Extracted records |
┄┄┄┄┄┄┄┄┄┄┄┄┄┄┄┄┄┄┄┄

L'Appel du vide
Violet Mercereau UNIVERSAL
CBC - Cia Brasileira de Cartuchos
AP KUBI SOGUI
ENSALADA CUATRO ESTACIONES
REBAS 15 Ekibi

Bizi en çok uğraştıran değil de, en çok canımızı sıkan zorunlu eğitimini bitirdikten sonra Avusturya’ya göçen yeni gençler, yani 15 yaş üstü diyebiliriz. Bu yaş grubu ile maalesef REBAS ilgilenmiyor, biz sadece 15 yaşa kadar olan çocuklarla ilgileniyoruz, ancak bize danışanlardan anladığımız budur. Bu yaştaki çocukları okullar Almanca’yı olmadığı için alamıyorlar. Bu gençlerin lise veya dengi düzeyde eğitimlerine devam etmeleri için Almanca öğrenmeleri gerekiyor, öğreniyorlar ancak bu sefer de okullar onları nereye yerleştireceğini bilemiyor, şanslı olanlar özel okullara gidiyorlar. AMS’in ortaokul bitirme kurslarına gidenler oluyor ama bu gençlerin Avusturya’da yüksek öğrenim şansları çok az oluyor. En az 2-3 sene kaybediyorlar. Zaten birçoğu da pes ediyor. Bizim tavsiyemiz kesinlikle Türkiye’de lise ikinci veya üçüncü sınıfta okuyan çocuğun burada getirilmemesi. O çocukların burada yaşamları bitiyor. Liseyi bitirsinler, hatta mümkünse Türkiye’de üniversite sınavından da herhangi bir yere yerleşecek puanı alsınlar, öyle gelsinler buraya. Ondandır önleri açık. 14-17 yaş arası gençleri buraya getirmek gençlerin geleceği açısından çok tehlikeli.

┄┄┄┄┄┄┄┄┄┄┄┄┄┄┄┄┄┄┄┄

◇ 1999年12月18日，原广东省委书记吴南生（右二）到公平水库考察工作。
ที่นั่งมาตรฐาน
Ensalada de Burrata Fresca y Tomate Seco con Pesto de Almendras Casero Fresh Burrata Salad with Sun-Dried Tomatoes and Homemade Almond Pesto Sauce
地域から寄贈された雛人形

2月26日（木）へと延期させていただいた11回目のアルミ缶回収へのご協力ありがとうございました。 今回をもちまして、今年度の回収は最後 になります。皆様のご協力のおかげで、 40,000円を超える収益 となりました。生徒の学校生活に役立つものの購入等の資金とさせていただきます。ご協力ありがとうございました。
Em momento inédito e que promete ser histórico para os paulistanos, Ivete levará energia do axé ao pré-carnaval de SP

┄┄┄┄┄┄┄┄┄┄┄┄┄┄┄┄┄┄┄┄

Action item | From the listing above, collect each line in which the string "REBAS" appears.

Task answer |
REBAS 15 Ekibi
Bizi en çok uğraştıran değil de, en çok canımızı sıkan zorunlu eğitimini bitirdikten sonra Avusturya’ya göçen yeni gençler, yani 15 yaş üstü diyebiliriz. Bu yaş grubu ile maalesef REBAS ilgilenmiyor, biz sadece 15 yaşa kadar olan çocuklarla ilgileniyoruz, ancak bize danışanlardan anladığımız budur. Bu yaştaki çocukları okullar Almanca’yı olmadığı için alamıyorlar. Bu gençlerin lise veya dengi düzeyde eğitimlerine devam etmeleri için Almanca öğrenmeleri gerekiyor, öğreniyorlar ancak bu sefer de okullar onları nereye yerleştireceğini bilemiyor, şanslı olanlar özel okullara gidiyorlar. AMS’in ortaokul bitirme kurslarına gidenler oluyor ama bu gençlerin Avusturya’da yüksek öğrenim şansları çok az oluyor. En az 2-3 sene kaybediyorlar. Zaten birçoğu da pes ediyor. Bizim tavsiyemiz kesinlikle Türkiye’de lise ikinci veya üçüncü sınıfta okuyan çocuğun burada getirilmemesi. O çocukların burada yaşamları bitiyor. Liseyi bitirsinler, hatta mümkünse Türkiye’de üniversite sınavından da herhangi bir yere yerleşecek puanı alsınlar, öyle gelsinler buraya. Ondandır önleri açık. 14-17 yaş arası gençleri buraya getirmek gençlerin geleceği açısından çok tehlikeli.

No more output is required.